Why and When Is UltraSound used In Pregnancy?
Ultrasound is considered to be safe and an accurate investigation into the fetus. Diagnosis can be spotted early and confirmation of early pregnancy. Ultrasound can observe and measure the embryo and find the exact date of pregnancy. A visible heartbeat can be seen and detectable by pulsed Doppler ultrasound by about 6weeks. Missed abortions and will usually give pictures of an absence of fetal poles or heartbeat. Fetal body measurements are made to identify the gestational age of the fetus.
The Following Measurements Are Usually Made:
The crown-rump length- which can be made between7-13 weeks and can give an accurate estimation of the gestational age.
The Biparietal Diameter- is between two sides of the head and is usually measured in 13weeks. From 13 weeks it normally starts at 2.4cm and increases to about 9.5cm
The Femur Length- measures the longest bone in the body and this reflects on the longitudinal growth of the fetus.
The Abdominal Circumference- This is a measurement made during late pregnancy.

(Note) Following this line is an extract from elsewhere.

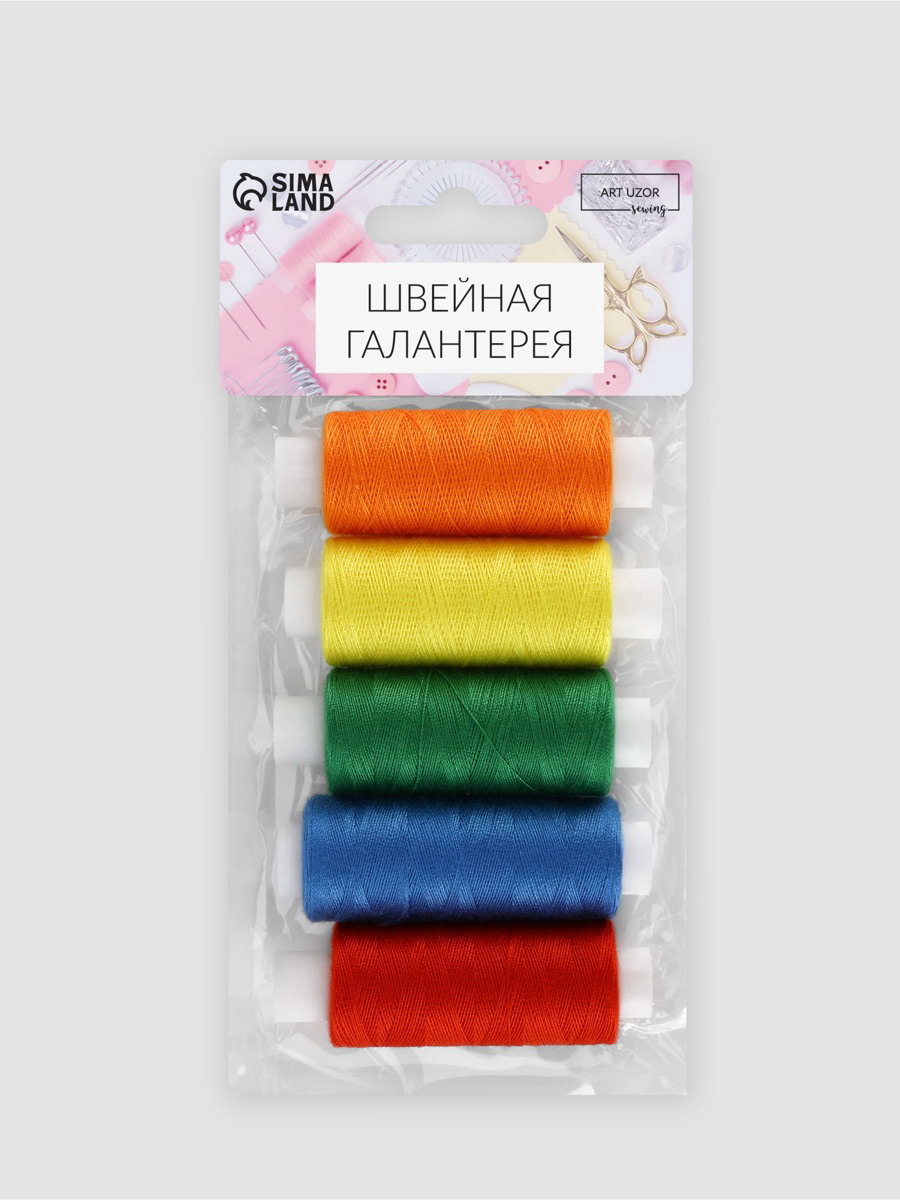 Нитки "Радуга", 40/2, 200 м, набор 5 шт., разноцветные, 8x10x2 см., Арт Узор, Китай
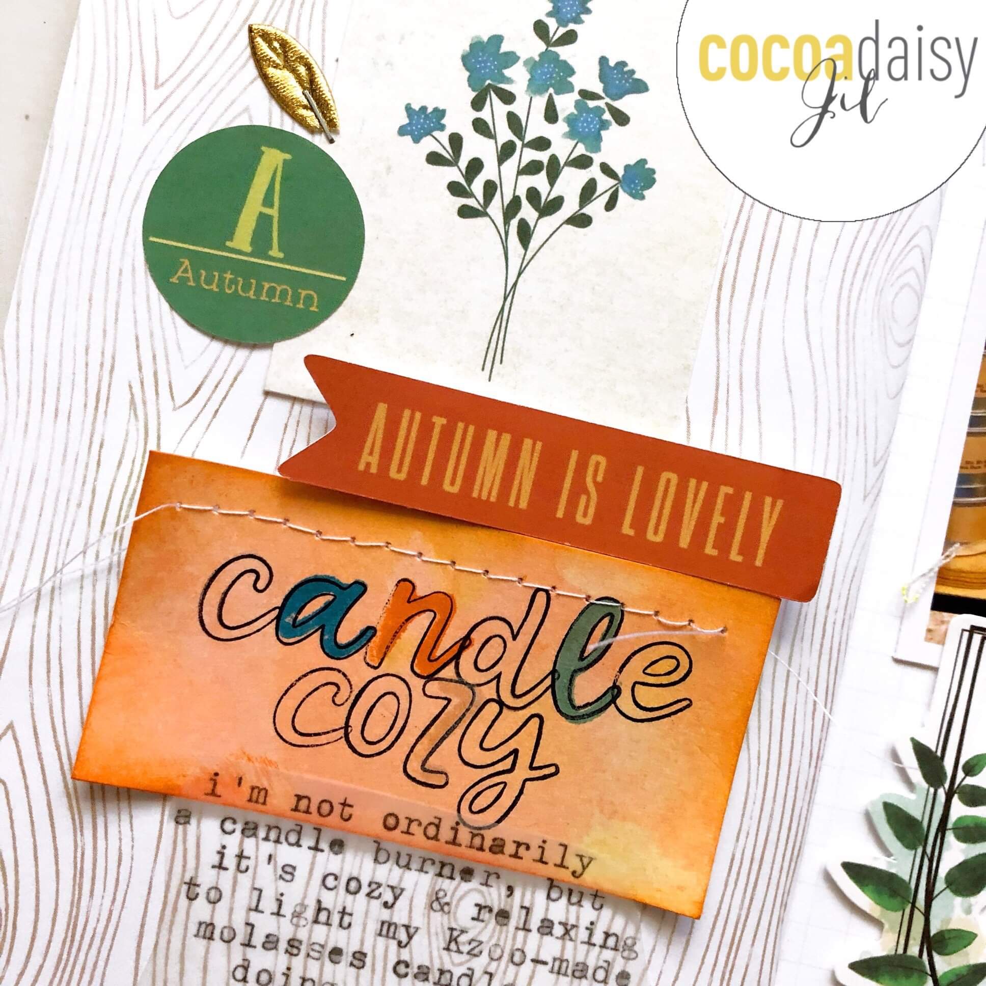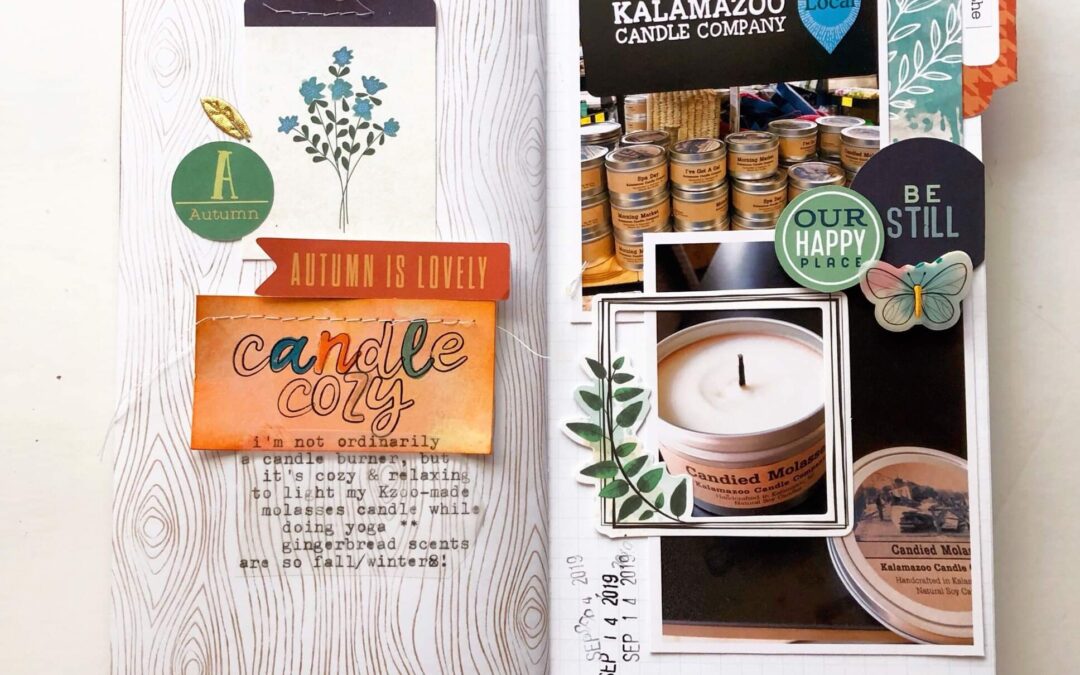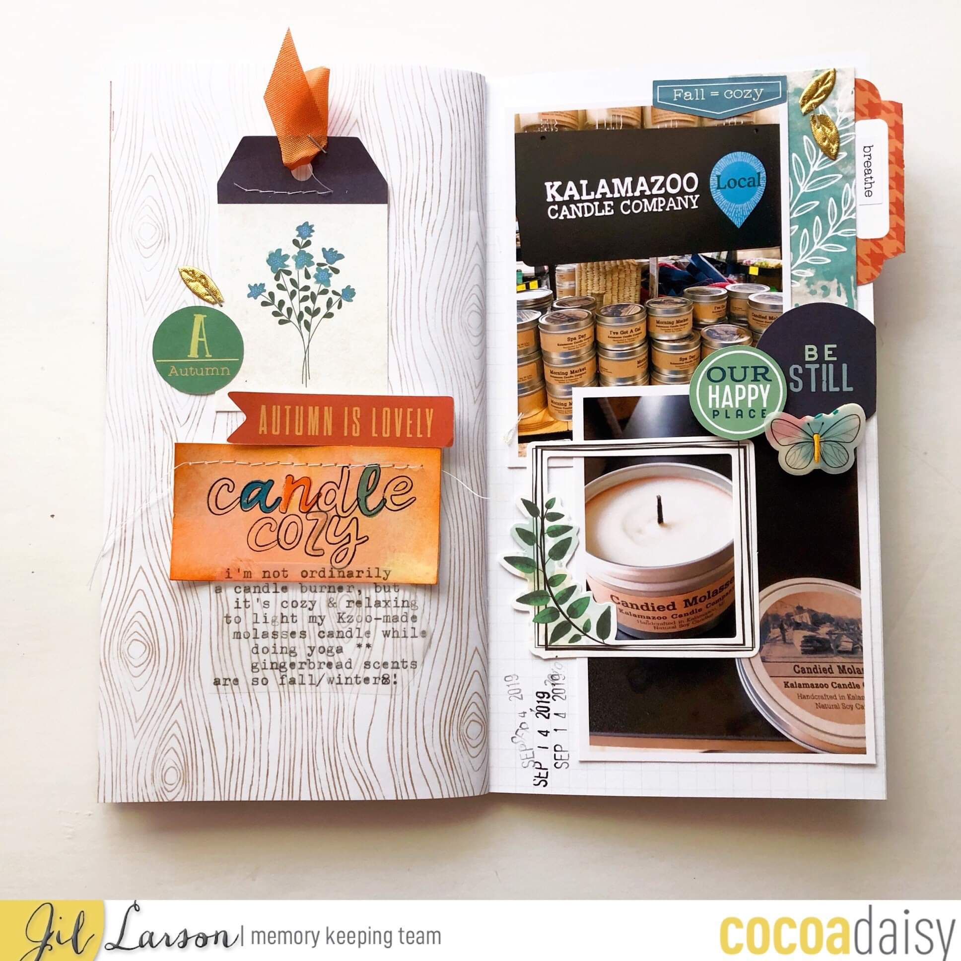 I used the woodgrain page in the Traveler’s Notebook for this spread about my new candied molasses candle. I stamped my title on pumpkin-y orange paper I made with distress in,a good match for the orange of the die cuts and tab . Pulled in a little orange seam binding for my tag.

It has more of an effect on fetus size and weight.
Summary of Ultrasound
Ultrasound is now something for today and for the future. It was first brought in 1950 and is now used in almost all Hospitals it can be used on pregnant women, which is an advantage to their health and to their child’s because diagnosis can easily be detected at an early date. Ultrasound can also be used for particular illnesses like the treatment of kidneys the shock wave can shatter the stones in your kidney into tiny pieces. The limitation of ultrasound though is safety because there are ill effects such as low birth weight, speech and hearing problems. The argument though is that ultrasound is now a more 21st century technology and is becoming safer gradually. It is more accurate when it comes to assessing and monitoring pregnant women. For the foreseeable future it looks like ultrasound will continue to be used and improvements to better it will always be made.
As a part of my course work, I visited the Physics Department at Queen Elizabeth Hospital in Selly Oak, to identify the usage of physics in hospitals and how it benefits the human body.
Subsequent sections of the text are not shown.